He just decided not to come home one night. Then I stared out the window, waited and cried. I told my friend that my cat had been missing for a couple of hours and it was making me feel sad. It felt like I had just been abandoned. I gave him food, shelter and even shared my bed with him, then voilà! He was gone.
My friend told me, cats are like that, you have to let him go. He will or might not come back. Can you imagine if you're a cat? You don't want to feel controlled, right? And he was right. His words resonate. It was true but it was also hard for me to take, not just for the cat, but realizing that it was also me.
Freedom sought after by many, but how come most of us don't possess it? It's a beautiful thing, imagine to be free in your wildness, a wanderer, belonging to no city and to no man. Like my cat who can just decide not to come back anymore, so he too, could wander without a care in this world. Perhaps the grass is greener outside his new home. I took him from the shelter and showered him with love, but I should not have been attached to him. I should have just enjoyed our moments together, for the affection he showed me. But I should come to terms with the reality that anytime, he is free to go. Love is like that.
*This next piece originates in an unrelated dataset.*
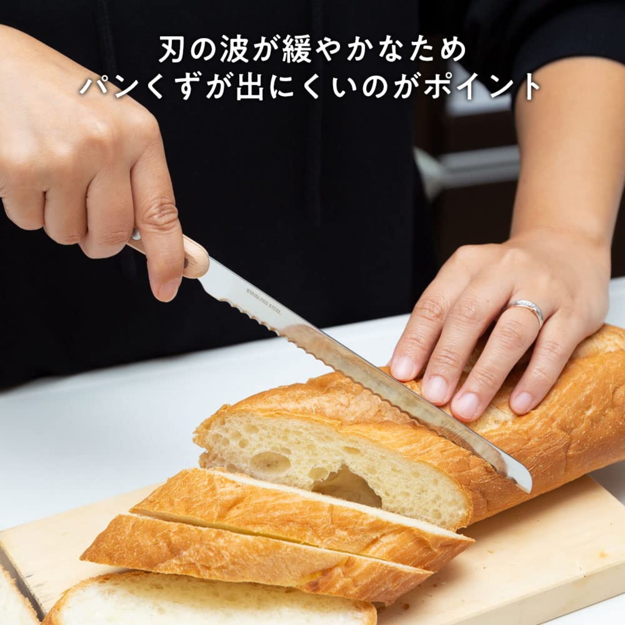 先が尖っていて、硬いパンも柔らかいパンも切りやすいため、初めて持つパン切り包丁にオススメです。 波刃タイプだから、トマトやのり巻き、具だくさんのサンドイッチもきれいにカットできます。 また刃の波が緩やかなため、パンくずが出にくいのもポイントです。 サイズは全長28.3cmとコンパクトなので、引き出しにもしまえて収納に便利。 付属の紙箱に入れておけば、しまう時、取り出す時に手を怪我することもなく、安全に扱えます。 持ち運びしやすいので、アウトドアのシーンでも活躍してくれますよ。

We are left alone, without excuse.
― Jean-Paul Sartre
On the other hand, imagine that freedom can also be a burden. Imagine having this weight on your shoulders that you are free to do anything, you are free to decide whatever works in your life, you have the world to conquer. Is it just too convenient for many not to have that kind of responsibility? To just let others decide for you, what are you going to eat, what kind of career should you pursue, what things do you need, where should you put your money or where can you travel?
With freedom, you are given a blank page, and it's up to you to decide how you want the story to end, the characters to put in there and all the chapters. Every day you have to think of something new, something creative to make life worth living. It is not as easy as you think, and it is not for everyone.
Man is condemned to be free; because once thrown into the world, he is responsible for everything he does.
It is up to you to give [life] a meaning.
― Jean-Paul Sartre
I can admire my own courage to break free, to embrace the unknown and to decide for myself what I want everyday. I can choose to stay in a place or I can go. But at the same time, a part of me wants to belong. Of course, isn't that part of human nature, to belong? Even animals belong somewhere, underground, underwater, in the sky? Why do you think some people choose to be stuck in a place all their lives. There's this tinge of sadness when men at the same time recognize my freedom, that I am always free to go. Though I appreciate it, a part of my soul won't deny the gloom of being set free, that I felt I'm not worth keeping. Oh yes, freedom can be tiring at some point. I look back at the time when it was just too convenient for me to stay in one place, to be cared for and to be loved. But what is it on the other side that I love as well, even though I knew it would break my spirit at some point. There's something dark lurking inside, masked itself as charm, smile, and humor. When deep inside there's this lonely, insecure and severely damaged little girl. Where did the will to conquer the world without fear come from? That was the freedom to make the most out of life, for what it's worth.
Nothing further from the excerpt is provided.